◆ **Work to be completed**: Could you transcribe all of the data exactly and skip any pictures?

◆ **Dataset excerpt**:
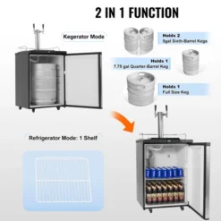 VEVOR Beer Kegerator, Dual Tap Draft Beer Dispenser, Full Size Keg Refrigerator With Shelf, CO2 Tank(No Gas), Drip Tray & Rail, Silver
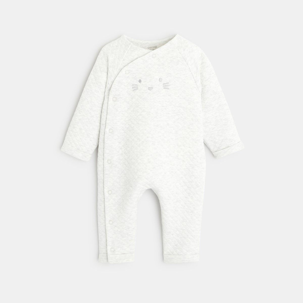 Une frimousse de chat pour un ensemble de naissance tout en douceur. Dors-bien molletonné douillet comme un cocon. Forme pressionnée croisée pour habiller le tout petit facilement sur le dos. Body coordonné en jersey doux, avec manches longues. Pressions devant pour un habillage tout aussi simple. Une belle idée de cadeau à offrir.
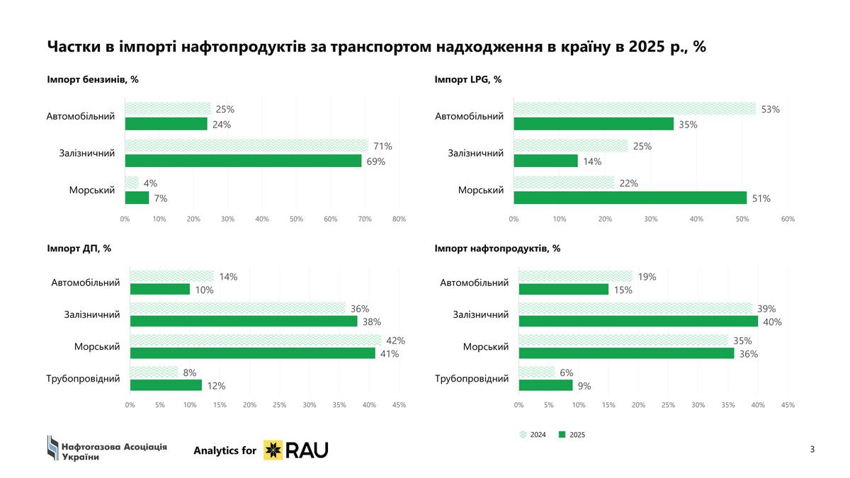 Так само змін зазнали транспортні ланцюжки. Якщо в 2021 році більше 80% ПММ завозились залізницею, то зараз це лише 40%. Якщо порівняти частки в імпорті нафтопродуктів за транспортом надходження в країну в 2025 році, помітно, що найбільш суттєвих змін зазнала структура постачання LPG, де акцент із постачання автотранспортом змістився до морських перевезень. Так, частка імпорту скрапленого газу морем збільшилася до 51%, а транспортування автомобільним транспортом скоротилося з 53% до 35%.

◆ **Problem solution**:
 VEVOR Beer Kegerator, Dual Tap Draft Beer Dispenser, Full Size Keg Refrigerator With Shelf, CO2 Tank(No Gas), Drip Tray & Rail, Silver
 Une frimousse de chat pour un ensemble de naissance tout en douceur. Dors-bien molletonné douillet comme un cocon. Forme pressionnée croisée pour habiller le tout petit facilement sur le dos. Body coordonné en jersey doux, avec manches longues. Pressions devant pour un habillage tout aussi simple. Une belle idée de cadeau à offrir.
 Так само змін зазнали транспортні ланцюжки. Якщо в 2021 році більше 80% ПММ завозились залізницею, то зараз це лише 40%. Якщо порівняти частки в імпорті нафтопродуктів за транспортом надходження в країну в 2025 році, помітно, що найбільш суттєвих змін зазнала структура постачання LPG, де акцент із постачання автотранспортом змістився до морських перевезень. Так, частка імпорту скрапленого газу морем збільшилася до 51%, а транспортування автомобільним транспортом скоротилося з 53% до 35%.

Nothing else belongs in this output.